Thirdly net-abuse, which reflects badly on the school and community, has to be minimised by design especially if private computers are allowed to access school net resources. This is especially true with privacy issues and viral conditions such as spam relay by zombies.
The good things:
Content access needs to be as non-restrictive as is possible (for a given cohort) and facilities should include the ability to message, file share and download.
As wide as possible range of devices, personal and institutional, should be able to access the Internet.
The question is of course “how best to square the circle describing the limits to net-freedom?”
First a few basic “musts” for a school
- Control of own Web-Filter, Proxy and Firewall.
- Control of user bandwidth
- The ability to detect and block infected devices connected to school Internet
Tools for the above can allow a school to create a safe-enough Internet space for children. Some schools have already done this for themselves; it is not expensive if it uses free software so below are some suggested HOW-TOS.
DIY: Buy a shiny new low energy server and call it a nice name like Herbert. Stick three instances of your preferred OS on it and virtualise the lot using your favourite virtualisation software. (Tip this can be done entirely with free software or you can buy a bespoke box where someone else has done it with free software). This computer will go between you and the big bad world.
May I suggest on one OS you install the free filter called DansGuardian? This is excellent and comes with auto-updating black, grey and white lists but allows you to fine grain config by user group and to locally block or unblock sites or phrases.
At the same time setup a joint parent-student body to discuss endlessly what should be allowed and what should not!
Lots of companies offer proxy bandwidth control (e.g. CC Proxy, Barracuda) to stop employees and students downloading endless movies and throttling the entire network. Many come in painted logo festooned boxes, most are coy about what software is in them. Dare I suggest they all use the free software known a Squid? Squid will let you control per user bandwidth for Internet access as well as squillion other things. I suggest Squid goes on one of your OS instances.
Alternatively you could make sure your router has QoS (quality of service features) which is fine for prioritising high bandwidth (such as media studies!) users and setting aside resources for say Video-VOIP. It can even be used for spam-zombies.
The idiot onsite that connects to your network (using that misguided open access policy) and starts on his or her zombified ways is a menace and it won’t be long before your ISP either complains or cuts you off.
Fortunately you have already throttled their bandwidth (above) but you have been on the firewall and blocked the IRC ports needed to “phone home” to their masters.

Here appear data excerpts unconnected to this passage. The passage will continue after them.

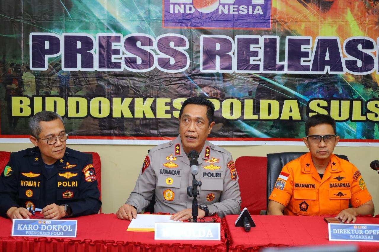 Konferensi pers dipimpin Kapolda Sulawesi Selatan Irjen Pol. Djuhandhani Rahardjo Puro, S.H., M.H., didampingi Karo Dokpol Pusdokkes Polri Brigjen Pol. dr. A. Nyoman Eddy Purnama Wirawan, DFM., Sp.F, Direktur Operasi Basarnas Laksamana Pertama TNI Yudhi Bramantyo, N.S., M.TR., Opsla, serta Kapusident Bareskrim Polri Brigjen Pol. Mashudi, S.I.K., S.H., M.Hum., Kabiddokkes Polda Sulsel Kombes Pol. dr. Muhammad Haris, M.A.R.S., QHIA.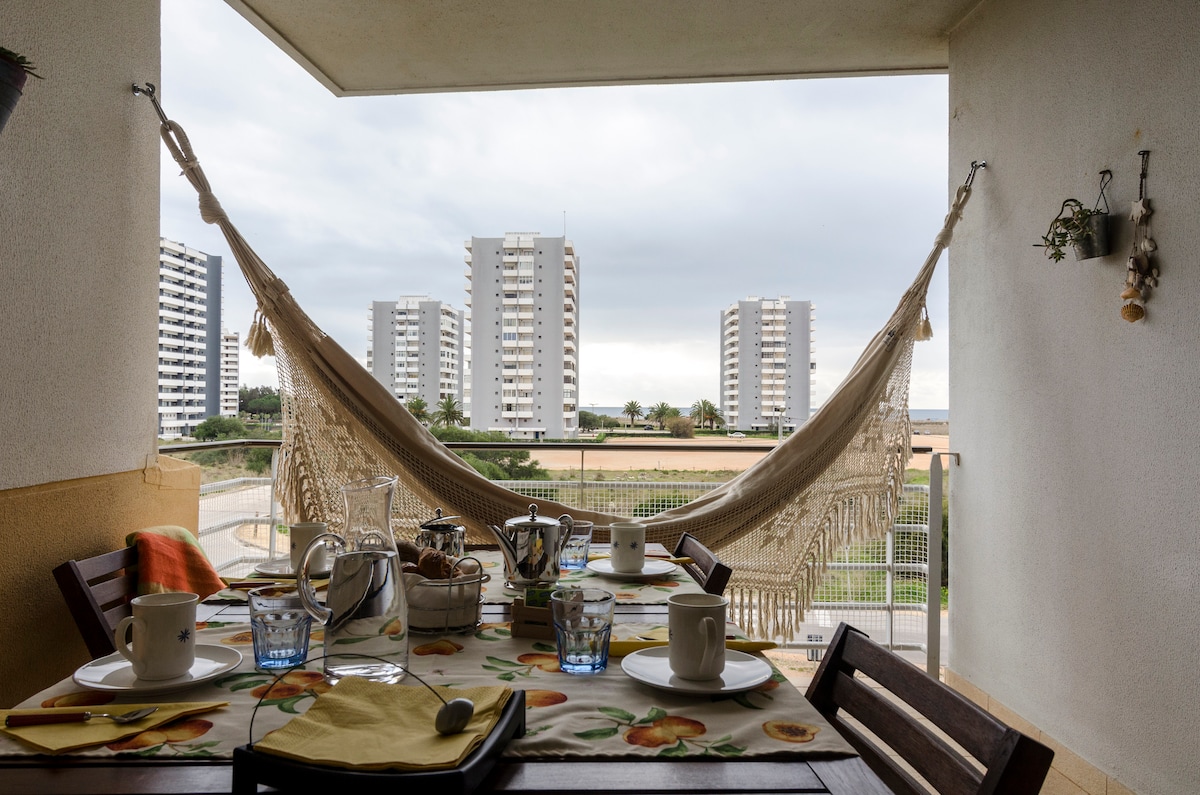 Наша класна та зручна квартира була нещодавно відремонтована, щоб забезпечити ваш найкращий сімейний пляжний відпочинок. Має просторий і сонячний балкон з відкритим видом, ідеально підходить для післяобіднього напою. Загальні зони включають басейн для дорослих та дітей, дитячий майданчик, тенісні корти та достатньо місця для бігу та гри. Всього в 10 метрах ходьби від пристані та її ресторанів, в 20 метрах від пляжу, з легким доступом до чудового центру Лагосу, поля для гольфу та пляжі з найкращими серфінговими хвилями Португалії.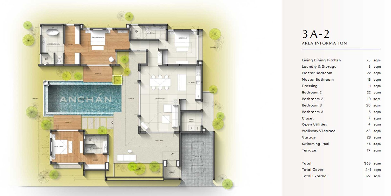 With built-up areas ranging from approximately 350 to 420 square meters and land plots typically between 500 and 750 square meters, the villa offers generous indoor and outdoor living areas designed to embrace Phuket’s tropical lifestyle.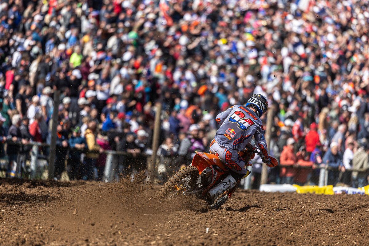 Commentaar Jeffrey Herlings: ‘’Het is best teleurstellend dat je hetzelfde aantal punten hebt als de derde man en dan niet op het podium staat. In de eerste manche heb ik lang om de koppositie gevochten en eindigde uiteindelijk als derde. Ik nam iets gas terug omdat ik last had van opgepompte armen. In de tweede manche was mijn start minder goed en kwam ik heel even een keer ten val. Het lukte mij net niet om de vierde man te pakken anders was ik derde geweest. Ik was heel dicht bij. P4 in het dagklassement en een goede stap voorwaarts.’’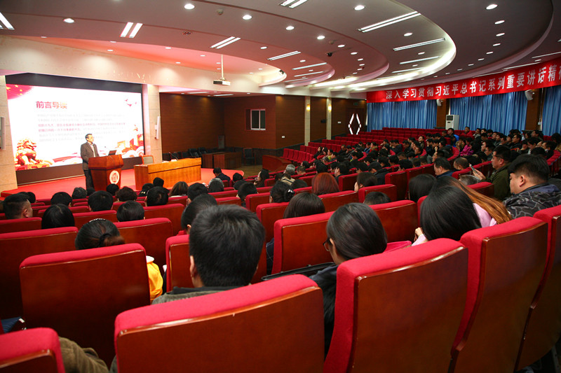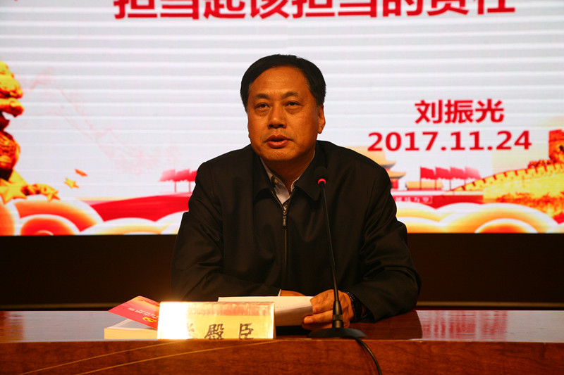 全省高校宣讲团成员、马克思主义学院院长刘振光教授做了题为“以十九大精神为指导,担当起该担当的责任”的党的十九大专题辅导报告。他从十九大报告中以及习近平总书记有关责任与担当的论述入手,论述了何谓责任,何谓担当,阐述了新时代党员如何做到心怀责任、勇于担当,着重指出新时代党员干部要勇于责任担当,要坚持原则、认真负责,要率先垂范、爱岗敬业;面对新时代赋予的伟大使命,要把对党忠诚、为党分忧、为党尽职、为民造福作为根本政治担当,要以培养担当民族复兴大任的时代新人为着眼点立德树人,对学习落实十九大精神有很好的启发性和指导性。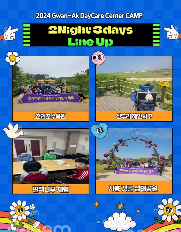 안양시관악장애인주간보호센터에서는 2024년 5월 20일부터 5월 22일까지 2박3일 일정으로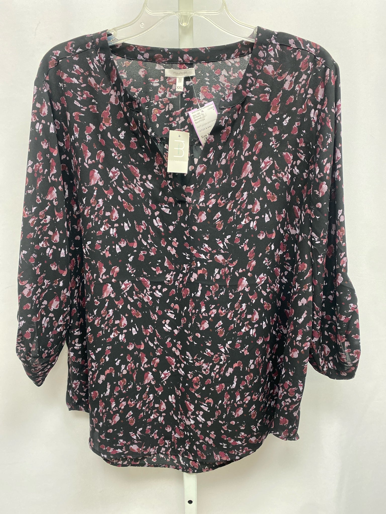 Maurices Size XXL Black/Purple 3/4 Sleeve Top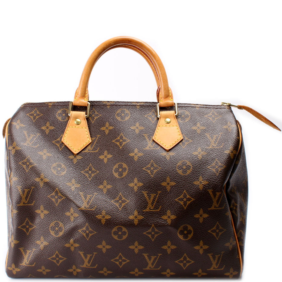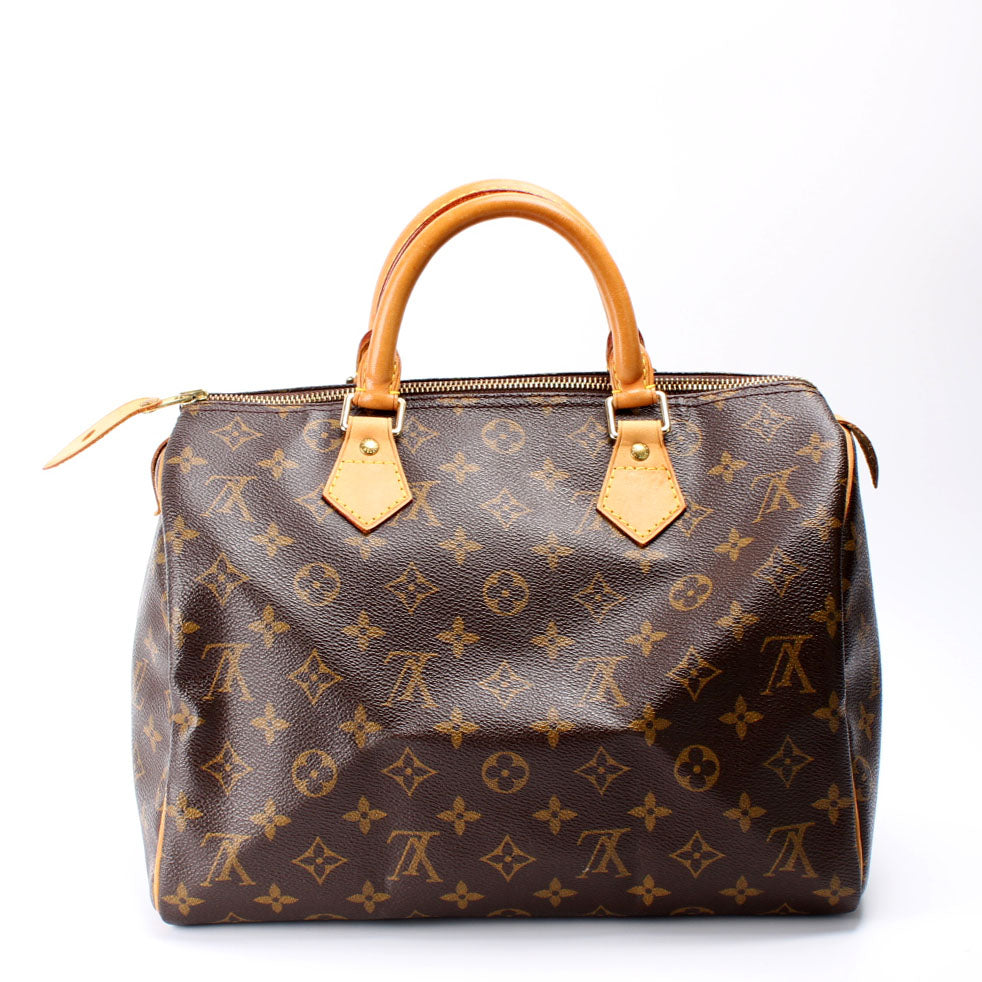 This pre-owned Louis Vuitton Speedy 30 is guaranteed 100% authentic. The exterior is in the classic Louis Vuitton Monogram coated canvas.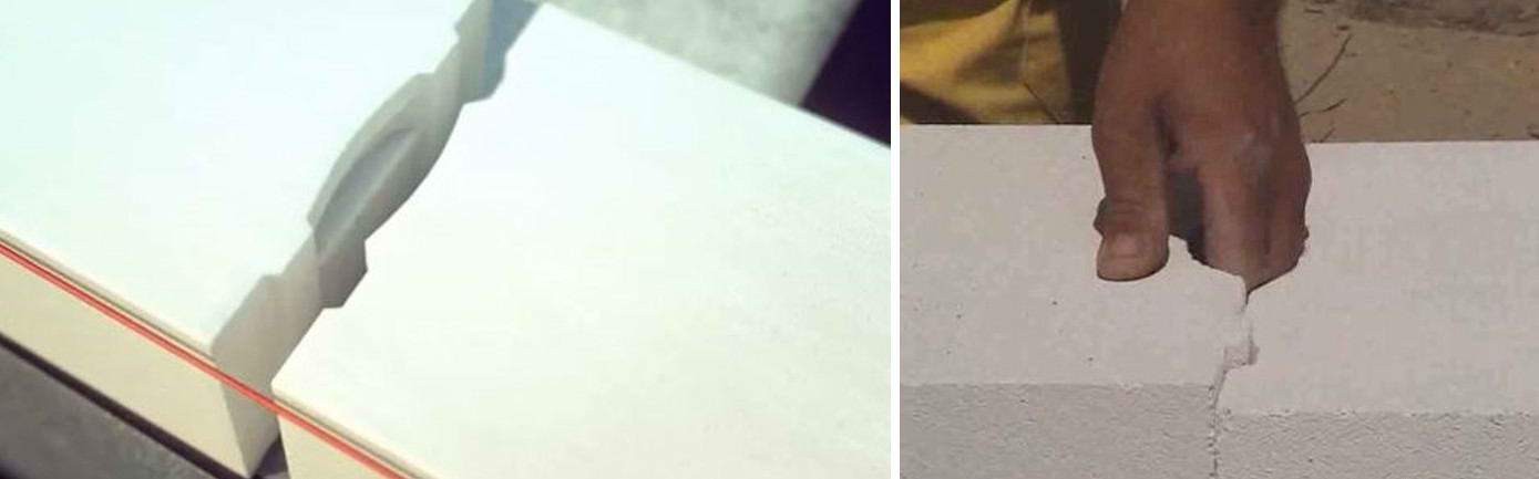 Формирование системы соединения паз-гребень по сложности производства относится к высокотехнологичной обработке блока. Поэтому они отличаются более высокой стоимостью. Однако, она оправдана поскольку: увеличивает скорость работ, снижает расход клея (вертикальные соединения не нуждаются в склеивании), появляется возможность ликвидировать мостики холода в местах вертикального соединения.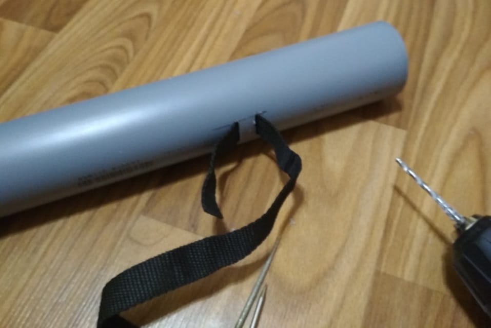 Из инструментов нам понадобится ножовка по металлу, дрель и линейка. Сначала прокладываем колпачки кусочками поролона. Используйте ножовку, чтобы отрезать кусок ПВХ необходимой длины. Просверлите пару отверстий в верхней части трубки. Мы не оставляем внутри них старые ремешки или кусочки бечевки. Это создает удобную ручку для переноски чемодана. Вот и все: самодельный, компактный и практичный тубус готов.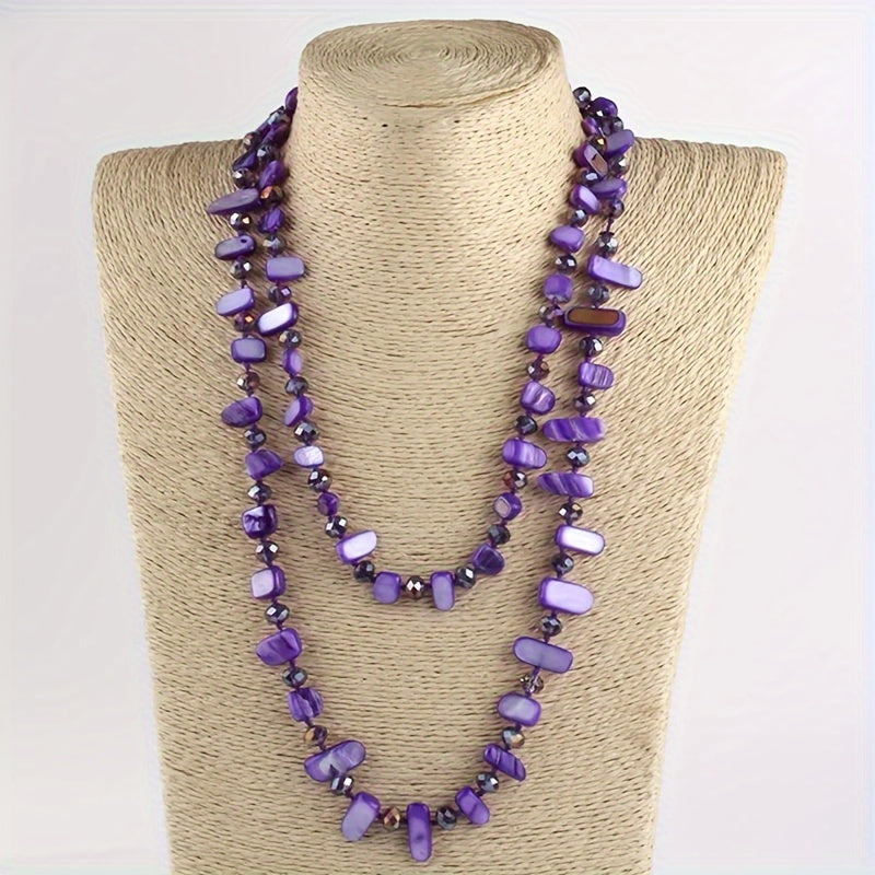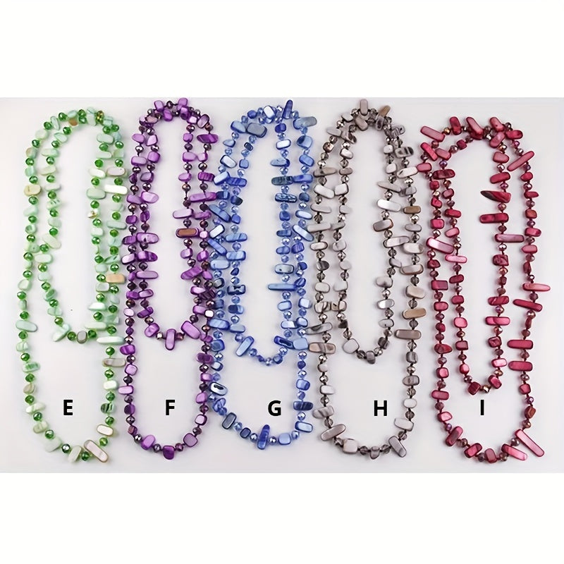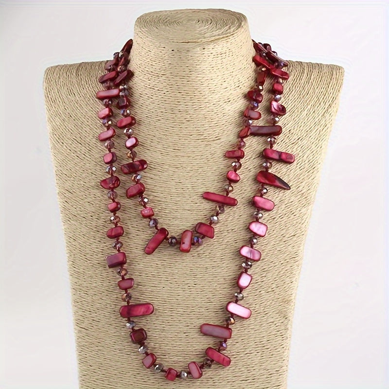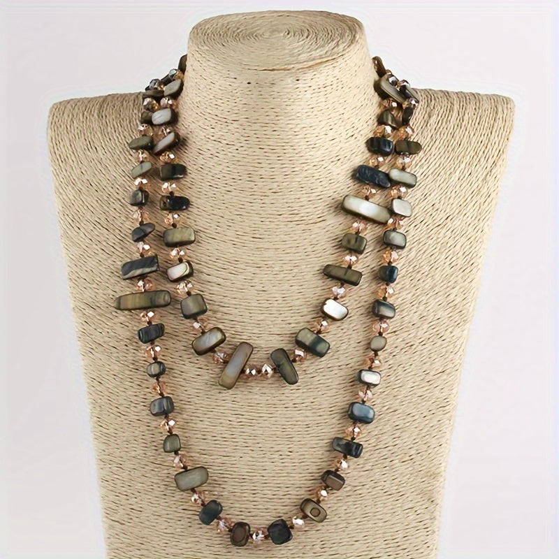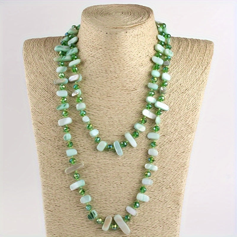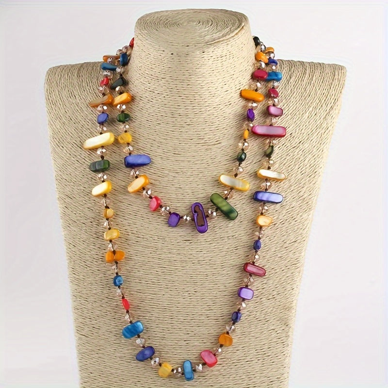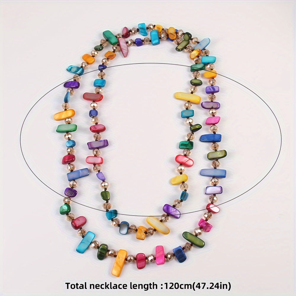Kamalak kristallari va qobiq marjonlari bilan bezatilgan uzun tugilgan marjon - boho-chic, bohem uslubini sevuvchi ayollar uchun ideal sovg'a.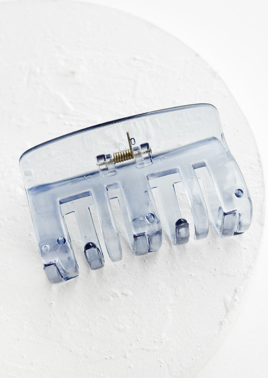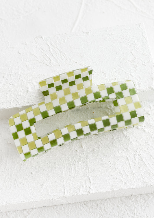 • A pair of open rectangle shaped acetate hair clips in tan and black marble.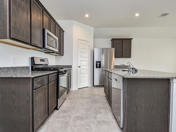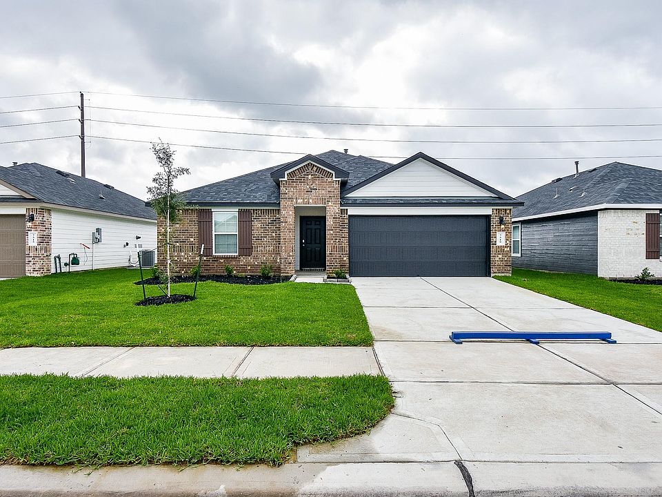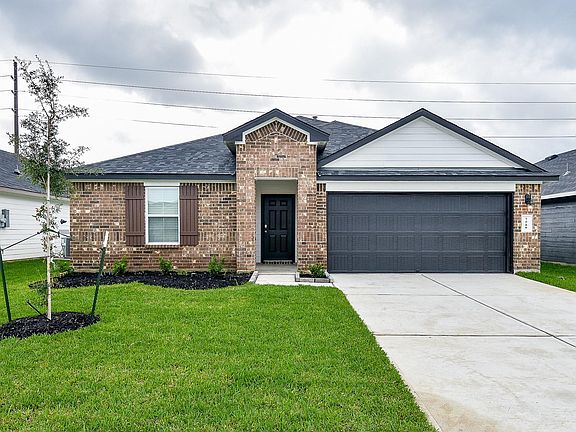 One story home, 4 Bedroom/ 2 Bathroom, Cali floorplan! Home is sure to please with its open concept kitchen/dining combo overlooking the living room with 15'' ceramic tile flooring throughout! This beautiful kitchen includes all stainless-steel appliances, large walk around island, granite countertops and purified Reverse Osmosis System. The spacious Owner's Suite features vaulted ceilings, his and hers private sinks, oversized shower, with an immense walk-in closet. Upgraded brick and stone elevation plus an oversized covered patio! Included features: Blinds throughout, Full sprinkler and landscape package (front and back yard), Smart home security automation and MORE!! NOT IN FLOOD ZONE! Amenity center with pool, Resort style slides, Pavilion, BBQ pit, Playground, Soccer field and MORE!

For extra comfort zone control you can install the excellent free products SNORT (to detect dodgy packets of data) and monitor your wireless access points using free nagios based Opsview Community edition.
It may sound complicated but it’s not really. To provide a safe inner-space for children using the Internet within your school you only really need one device with a few modern tools installed. And if you wish they can all be based on free open source software.
Setting up and supporting this device is technically demanding and I think this is the area where school support services and technicians will find their talents in demand in the Post PC era.
It’s not perfect but I think the above gives us a safe-enough Internet for schools. It allows diversity, tackles bad behaviour (intended or otherwise) and provides protection for the individual and the school.
Goodness knows what I have got wrong, hopefully someone will point it out.